Finding seed is only the first hurdle. It’s difficult to save pure seed stock because basic seed cleaning equipment doesn’t quite get it clean enough. The equipment separates seeds by size and shape, but sometimes unwanted weed seeds are the same size and shape. Another machine separates by density, and it costs $30,000. The most successful is the color sorter, which has an optic laser to identify color differences. Those machines are $300,000.
These costs are high for me and for many beginning farmers, but they’re essential for getting product to market. Seeing this common need, a few farmers and I began seeking and cooperatively acquiring equipment together. We scour Craigslist, inquire with equipment repair mechanics, and coordinate the transportation of equipment halfway across the country. So far, we still don’t have the right equipment to sort pure seed. I’m currently in search of a well-functioning, three- or four-screen air screen cleaner—let me know if you have one!
All this seed production takes time—years—and I need seed now. I hit up all my friends. “All I’ve got left is for seeding my field,” they said, understandably. I called friends outside California with different planting times and heard the same thing. It felt like begging for change to get fare for the last train!
I turned to someone who keeps some verified seed, and they said they’d get it to me, but their major reaction over a minor misunderstanding soured the deal. But what was my alternative? I looked at the UC Davis list and the Washington State list and found that most of their offerings were bred for regions unlike where I’m growing and were patented with limitations on seed saving and seed sales. I looked at longer lists from bigger companies, but all those were owned by Monsanto. I was stuck between doing business with a difficult person or with a megacorporation that is buying up the world’s genetics. I couldn’t believe I stood at this juncture, not just as a farmer, but as a member of the human race. How did we get to the point where our staple crops are in the hands of so few?
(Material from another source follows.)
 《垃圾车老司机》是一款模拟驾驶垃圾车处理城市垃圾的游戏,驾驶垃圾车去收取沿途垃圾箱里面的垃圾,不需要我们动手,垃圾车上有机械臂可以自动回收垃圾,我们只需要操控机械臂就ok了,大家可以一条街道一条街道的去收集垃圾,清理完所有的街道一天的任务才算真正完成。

We know how, we know it’s a global problem, and we know we must undo the monopolization of life by re-democratizing seed. That requires collaboration, sharing, and reliance on each other. In that vein, I got back on the phone and called up friends and neighbors, asking for any bits that could be spared with the promise of returning seed to replenish their stock.
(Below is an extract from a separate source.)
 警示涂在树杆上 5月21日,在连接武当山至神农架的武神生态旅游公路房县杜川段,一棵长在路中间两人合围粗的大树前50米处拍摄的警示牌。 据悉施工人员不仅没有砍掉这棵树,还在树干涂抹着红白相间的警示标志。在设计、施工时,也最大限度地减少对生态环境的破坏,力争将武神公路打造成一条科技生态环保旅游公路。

After much agonizing, driving between counties, and speed seed cleaning, I’m happy to say that all the fields are seeded, and this match-making season is closed.
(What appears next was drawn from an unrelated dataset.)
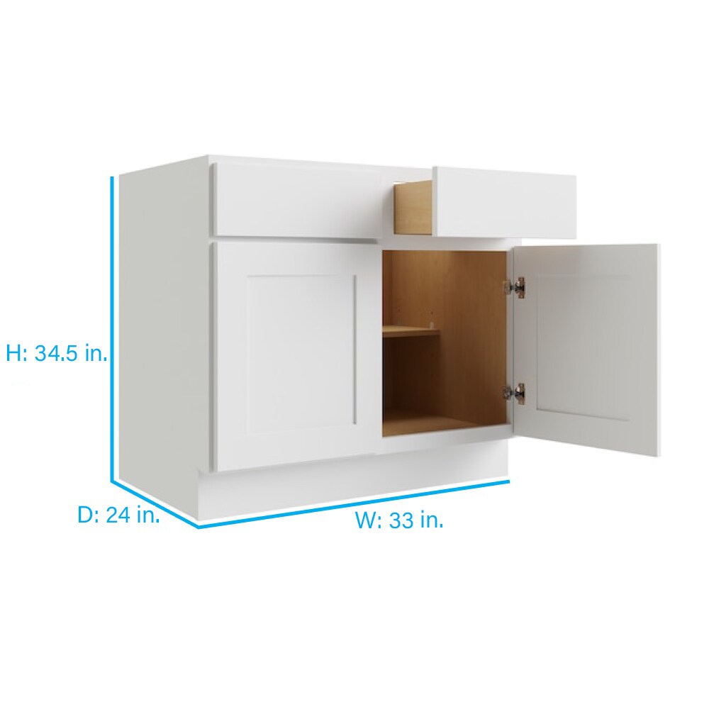 RELIABILT Parkstone 33-in W x 34.5-in H x 24-in D White 2-Drawers Base Fully Assembled Plywood Cabinet (Flat Panel Shaker Style)

When I tell people I’m a farmer, they say, “You must be glad for all this rain!” I can see the delight in their face, and the Californian in me shares this gladness. I hold onto that feeling as I tell them, “No.”
It’s been shitty. Fall planted crops got flooded and the ground is still too wet to work for spring and soon to be unheard of summer plantings. What little spring planting has been done was so far delayed that we might not have much to harvest in the summer.
“But the fruit growers must be glad,” they say to get some optimistic news. Strawberry roots rotted, and the fruit trees carry little fruit. Rain interferes with the pollinators, pollinated, and trees. Bees can’t fly with wet wings, and if they made it to a flower the rain might have washed away the pollen. The residual moisture on the petals lead to rot that penetrates into the branches. My friend’s plum trees bare a few green orbs amidst softened, rotting branches.
The rain has been a relief for our ground water systems, which we’ll need when the heat returns. But we need the regularity and moderation that plants adapted to such that we might have grain, blossoms, and food. It should be dry by now and fields ready for harvest. Rain, rain, go away, please. Come again another day.